Hi Nadav, Mike, Michał,
Can you please share your thoughts at [A] below?
On 2/23/23 12:10 AM, Nadav Amit wrote:
On Feb 20, 2023, at 5:24 AM, Muhammad Usama Anjum usama.anjum@collabora.com wrote:
+static inline int pagemap_scan_pmd_entry(pmd_t *pmd, unsigned long start,
unsigned long end, struct mm_walk *walk)
+{
- struct pagemap_scan_private *p = walk->private;
- struct vm_area_struct *vma = walk->vma;
- unsigned long addr = end;
- spinlock_t *ptl;
- int ret = 0;
- pte_t *pte;
+#ifdef CONFIG_TRANSPARENT_HUGEPAGE
- ptl = pmd_trans_huge_lock(pmd, vma);
- if (ptl) {
bool pmd_wt;
pmd_wt = !is_pmd_uffd_wp(*pmd);
/*
* Break huge page into small pages if operation needs to be
performed is
* on a portion of the huge page.
*/
if (pmd_wt && IS_WP_ENGAGE_OP(p) && (end - start < HPAGE_SIZE)) {
spin_unlock(ptl);
split_huge_pmd(vma, pmd, start);
goto process_smaller_pages;
I think that such goto's are really confusing and should be avoided. And using 'else' (could have easily prevented the need for goto). It is not the best solution though, since I think it would have been better to invert the conditions.

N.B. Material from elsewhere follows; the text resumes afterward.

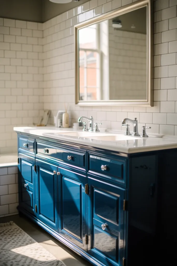A statement Blue vanity instantly energizes a bathroom, especially in a clean Modern layout. Add a slightly Colorful rug and pared-back Decor to balance the richness. The key is letting one element shine while everything else supports it quietly.

Yeah, else can be used here. But then we'll have to add a tab to all the code after adding else. We have already so many tabs and very less space to right code. Not sure which is better.

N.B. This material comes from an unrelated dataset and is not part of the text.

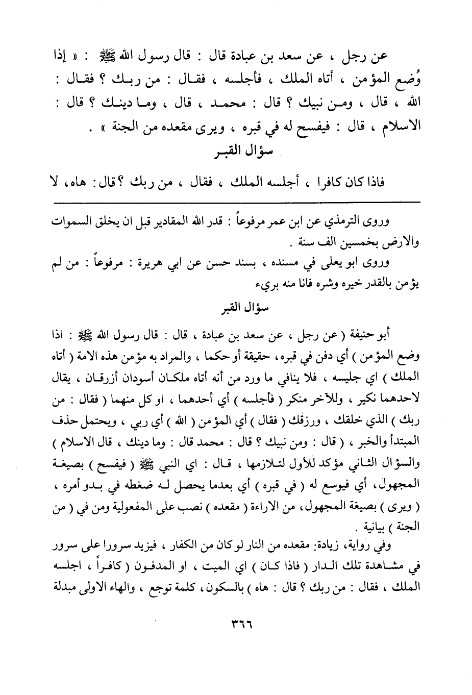 أبو حنيفة (عن رجل، عن سعد بن عبادة، قال: قال رسول الله صلى الله عليه وسلم: إذا وضع المؤمن) أي دفن في قبره، حقيقة أو حكماً، والمراد به مؤمن هذه الأمة (أتاه الملك) أي جليسه، فلا ينافي ما ورد من أنه أتاه ملكان أسودان أزرقان، يقال لأحدهما نكير، وللآخر منكر (فأجلسه) أي أحدهما، أو كل منهما (فقال: من ربك) الذي خلقك، ورزقك (فقال) أي المؤمن (الله) أي ربي، ويحتمل حذف المبتدأ والخبر، (قال: ومن نبيك؟ قال: محمد قال: وما دينك، قال الإسلام) والسؤال الثاني مؤكد للأول لتلازمها، قال: أي النبي صلى الله عليه وسلم (فيفسح) بصيغة المجهول، أي فيوسع له (في قبره) أي بعدما يحصل له ضغطه في بدو أمره، (ويرى) بصيغة المجهول، من الإراءة (مقعده) نصب على المفعولية ومن في (من الجنة) بيانية.

goto’s are usually not the right solution. You can extract things into a different function if you have to.
I’m not sure why IS_GET_OP(p) might be false and what’s the meaning of taking the lock and dropping it in such a case. I think that the code can be simplified and additional condition nesting can be avoided.
Lock is taken and we check if pmd has UFFD_WP set or not. In the next version, the GET check has been removed as we have dropped WP_ENGAGE + !GET operation. So get is always specified and condition isn't needed.
Please comment on next version if you want anything more optimized.
--- a/include/uapi/linux/fs.h +++ b/include/uapi/linux/fs.h @@ -305,4 +305,54 @@ typedef int __bitwise __kernel_rwf_t; #define RWF_SUPPORTED (RWF_HIPRI | RWF_DSYNC | RWF_SYNC | RWF_NOWAIT |\ RWF_APPEND) +/* Pagemap ioctl */ +#define PAGEMAP_SCAN _IOWR('f', 16, struct pagemap_scan_arg)
+/* Bits are set in the bitmap of the page_region and masks in pagemap_scan_args */ +#define PAGE_IS_WRITTEN (1 << 0) +#define PAGE_IS_FILE (1 << 1) +#define PAGE_IS_PRESENT (1 << 2) +#define PAGE_IS_SWAPPED (1 << 3)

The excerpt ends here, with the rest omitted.